Visto el recurso contencioso administrativo que ante esta Sala de lo Contencioso Administrativo de la Audiencia Nacional, ha promovido D.
Lucas representado por la Procuradora
Antecedentes
Fundamentos
La solicitud de nacionalidad origen de la litis se presentó el 9-2-2012, siendo así que respecto de la misma el Encargado del Registro Civil informó desfavorablemente.
La demanda rectora del proceso expone las circunstancias que concurren en el caso, afirma que el interesado reúne el necesario grado de integración social para el fin pretendido, aduce que las resoluciones carecen de motivación suficiente, cita la jurisprudencia que considera de interés, y termina impetrando la concesión de la nacionalidad española, a cuya pretensión se ha opuesto el Abogado del Estado en la forma que es de ver en su escrito de contestación a la demanda.
Visto cuanto antecede, es de recordar que esta Sala ha dicho en ocasiones anteriores que la integración social no deriva exclusivamente del nivel de conocimiento del idioma, sino de la armonización del régimen de vida del solicitante con los principios y valores sociales, el grado de implicación en las relaciones económicas, sociales y culturales, así como el arraigo familiar, todo lo cual ha de justificar el interesado o desprenderse de las actuaciones reflejadas en el expediente. Por otra parte, también hemos dicho que el conocimiento de la lengua, de las diferentes facetas de la realidad española y del marco institucional forma parte del grado de adaptación a la cultura española, que, a su vez, es un componente del requisito del suficiente grado de integración en la sociedad española que la parte interesada debe justificar, si bien el nivel de exigencia en cuanto al conocimiento de la lengua, de la realidad española y de sus instituciones puede modularse en función del grado de instrucción del interesado y de las demás circunstancias que concurran en el mismo, requiriéndose en cualquier caso un dominio de la lengua que permita al menos una comunicación fluida a nivel oral y un cierto grado de conocimiento de la realidad española de la que se pretende formar parte como un miembro nacional más.
En el caso que ahora nos ocupa el demandante acredita ciertos elementos de arraigo en España, que, no obstante, no colman el requisito de integración social necesario para adquirir la nacionalidad española en contemplación del resultado del acto de audiencia del promotor del expediente, cuyo acto de audiencia contiene determinados elementos de juicio que permiten valorar el grado de integración social del recurrente. Resulta de lo actuado dudoso que el demandante posea el nivel mínimo exigible de conocimiento de la lengua española, a lo que se añade que desconoce cuestiones básicas de la realidad política, geográfica y cultural de España. En verdad el demandante cuenta con ciertos elementos positivos de arraigo en España, pero su desconocimiento de la realidad española pone de manifiesto su insuficiente grado de integración social a los efectos que pretende, sin que ello pueda compensarse por aquellos elementos positivos de arraigo pues es requisito imprescindible del necesario grado de integración social un cierto conocimiento de la realidad de España en sus diferentes facetas, cuyo nivel de conocimiento puede condicionarse a las particulares circunstancias de cada interesado, si bien en cualquier caso se precisa un nivel mínimo que el demandante no alcanza, a lo que se añade su dudoso conocimiento de la lengua española.

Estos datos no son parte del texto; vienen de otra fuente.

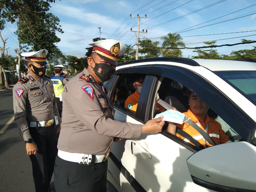 “kami tidak akan segan melakukan hukuman ringan kepada warga maupun pengguna jalan yang tidak menggunakan masker, dengan meminta menyanyikan lagu kebangsaan Indonesia Raya,”Ujar Kasat.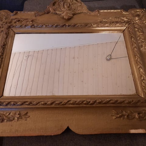 Rektangulært spejl med gylden ramme. Spejlet har en enkel, glat træramme i gylden farve med let profilerede kanter. Det kan anvendes i entré, stue, soveværelse eller badeværelse, hvor der er behov for et væghængt spejl med klassisk udtryk.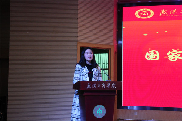 经外学院2014级王琬同学作为“国家奖学金”获得者代表发言 摄影黄凡霁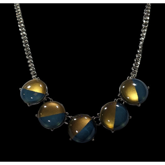 Charming Charlie Blue And Yellow Medallion Fringe Necklace
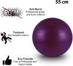 PVC Gym Ball, Size 55 CM, (Purple) Skill Level: Professional Special Feature: Anti-slip. Specific Uses for Product: Great For Pilates, Yoga, Back, Abdominal Training, Pregnancy Gymnastics Or The Hundreds Of Low Impact. Included Components: Gym Ball With Foot Pump, Size Name: 55 cm, Color Map: Purple Material Type: PVC Item Weight : 780 gr Product Dimension : 45 x 45 x 45 Centimeters

Por último, no resulta plausible el argumento recursivo que apunta a una falta de motivación de las resoluciones combatidas, cuya mera lectura pone de manifiesto que las mismas expresan su ratio decidendi de forma bastante para poder ejercer el derecho de defensa con las debidas garantías y sin sombra de indefensión, lo que determina la claudicación de este motivo de impugnación.
Por mor de cuanto antecede se impone, sin más circunloquios, la desestimación del actual recurso al carecer la demanda de términos hábiles para su acogimiento.
Fallo
1) Desestimar el recurso.
2) Confirmar las resoluciones a que se contrae la litis
3) Imponer a la parte actora las costas del proceso.
Contra esta sentencia puede interponerse recurso de casación, que -en su caso- habrá de prepararse ante este Tribunal en el plazo de diez días contados desde el siguiente al de su notificación.
Así por esta nuestra sentencia, testimonio de la cual se remitirá, junto con el expediente administrativo, a su oficina de origen para su ejecución, lo pronunciamos, mandamos y firmamos.
D. JOSÉ FÉLIX MÉNDEZ CANSECO D. FRANCISCO DIAZ FRAILE Dª ISABEL GARCÍA GARCÍA BLANCO
Dª LUCÍA ACÍN AGUADO Ana María Sangüesa Cabezudo
Una vez firmada y publicada la anterior Sentencia es entregada en esta Secretaría para su
Madrid a Doy fe.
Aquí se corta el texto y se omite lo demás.